What is needed:
Your copy of the data should match it exactly, except that the pictures are gone.

(Given material Opens)

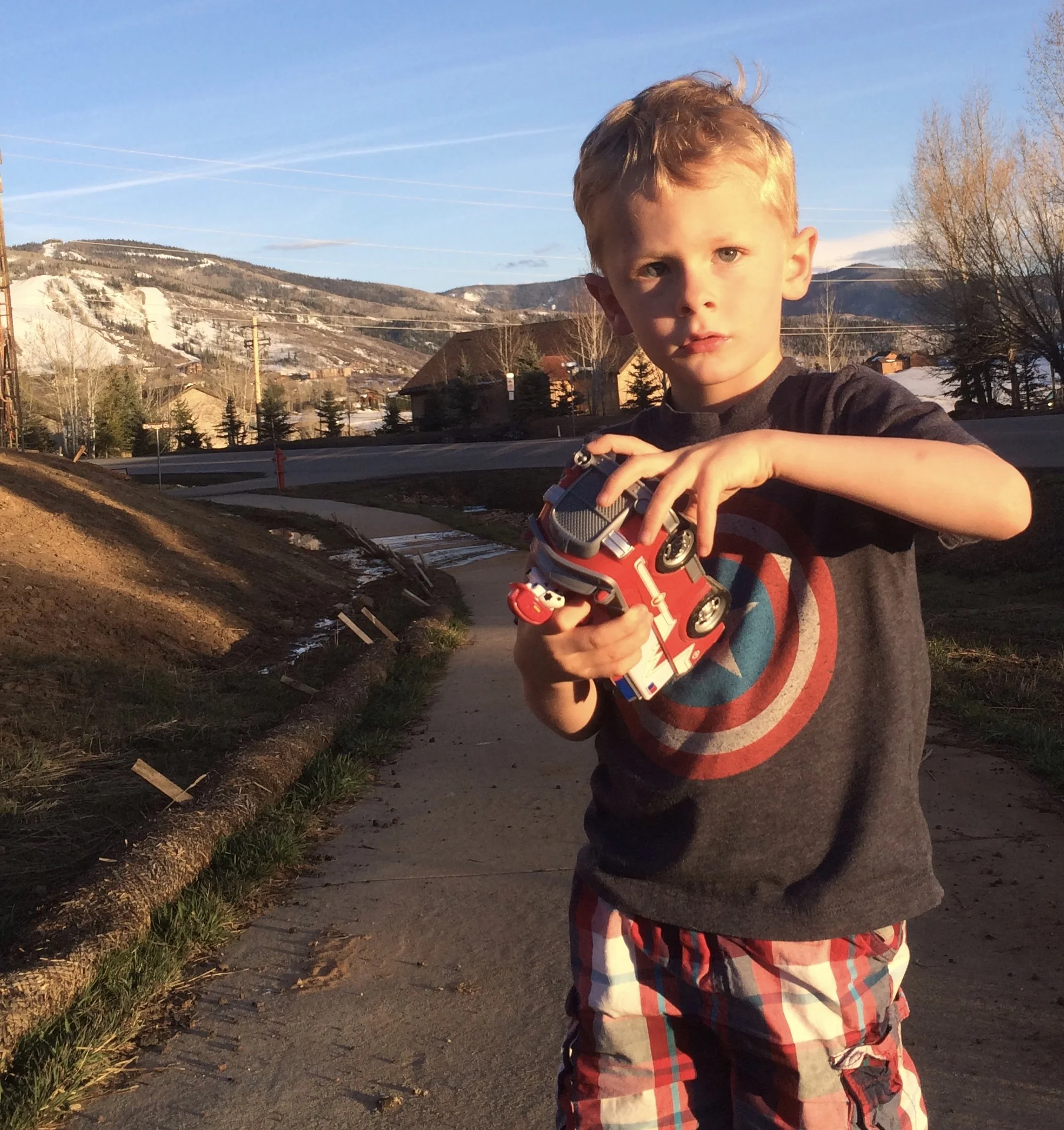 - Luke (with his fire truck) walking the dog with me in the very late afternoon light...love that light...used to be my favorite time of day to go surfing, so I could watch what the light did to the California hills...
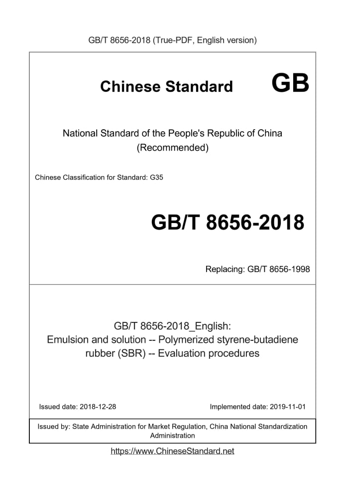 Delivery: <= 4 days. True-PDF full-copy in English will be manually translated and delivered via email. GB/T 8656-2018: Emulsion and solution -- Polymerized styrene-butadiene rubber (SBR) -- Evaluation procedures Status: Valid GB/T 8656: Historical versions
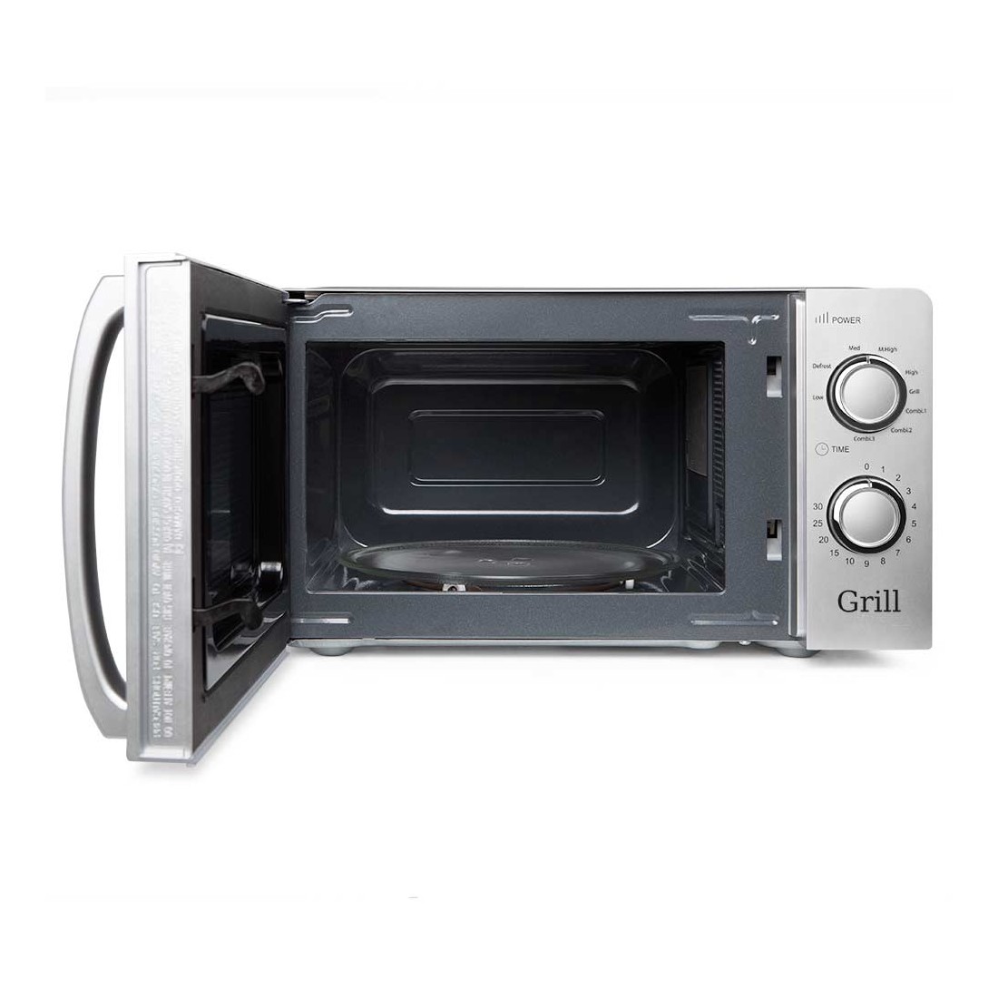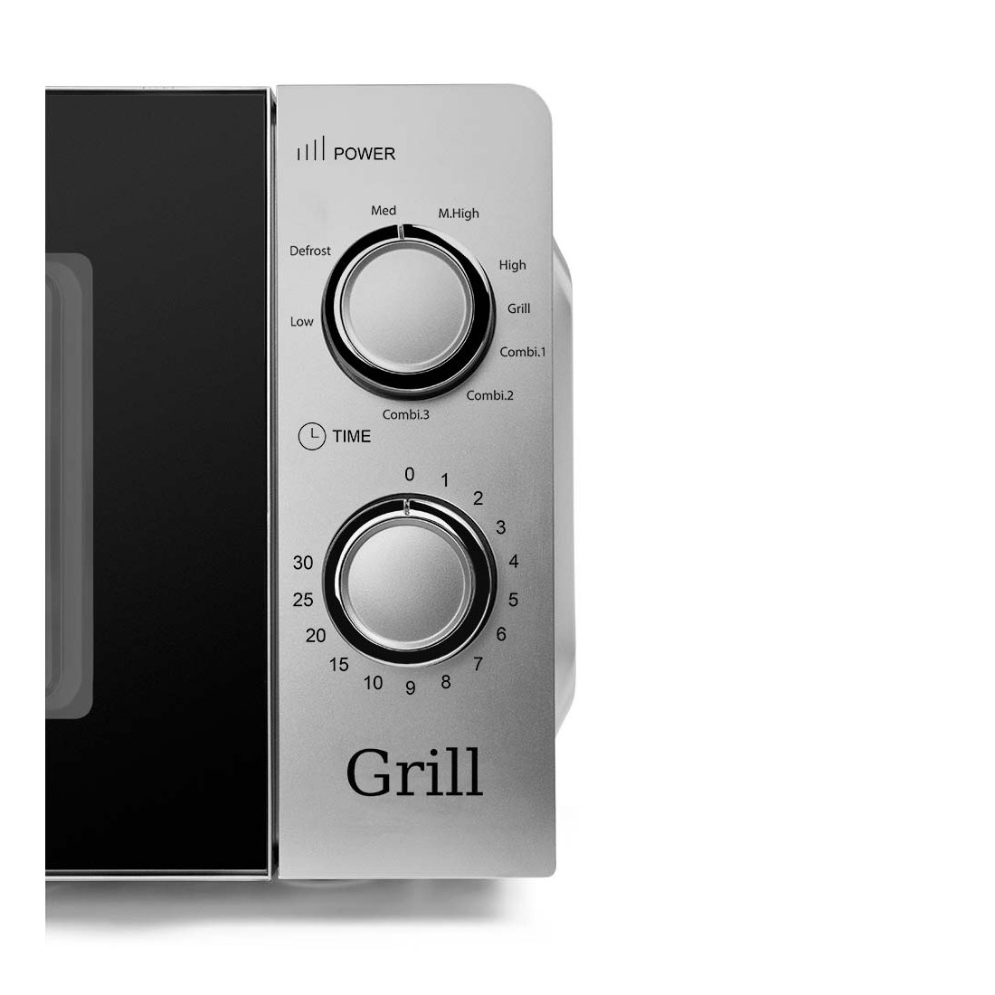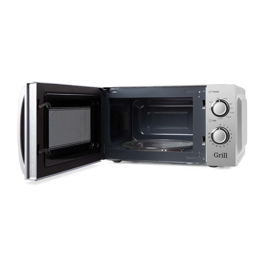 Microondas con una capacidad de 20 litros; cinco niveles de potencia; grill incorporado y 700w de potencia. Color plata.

(Given material Closes)

Your response:
 - Luke (with his fire truck) walking the dog with me in the very late afternoon light...love that light...used to be my favorite time of day to go surfing, so I could watch what the light did to the California hills...
 Delivery: <= 4 days. True-PDF full-copy in English will be manually translated and delivered via email. GB/T 8656-2018: Emulsion and solution -- Polymerized styrene-butadiene rubber (SBR) -- Evaluation procedures Status: Valid GB/T 8656: Historical versions
 Microondas con una capacidad de 20 litros; cinco niveles de potencia; grill incorporado y 700w de potencia. Color plata.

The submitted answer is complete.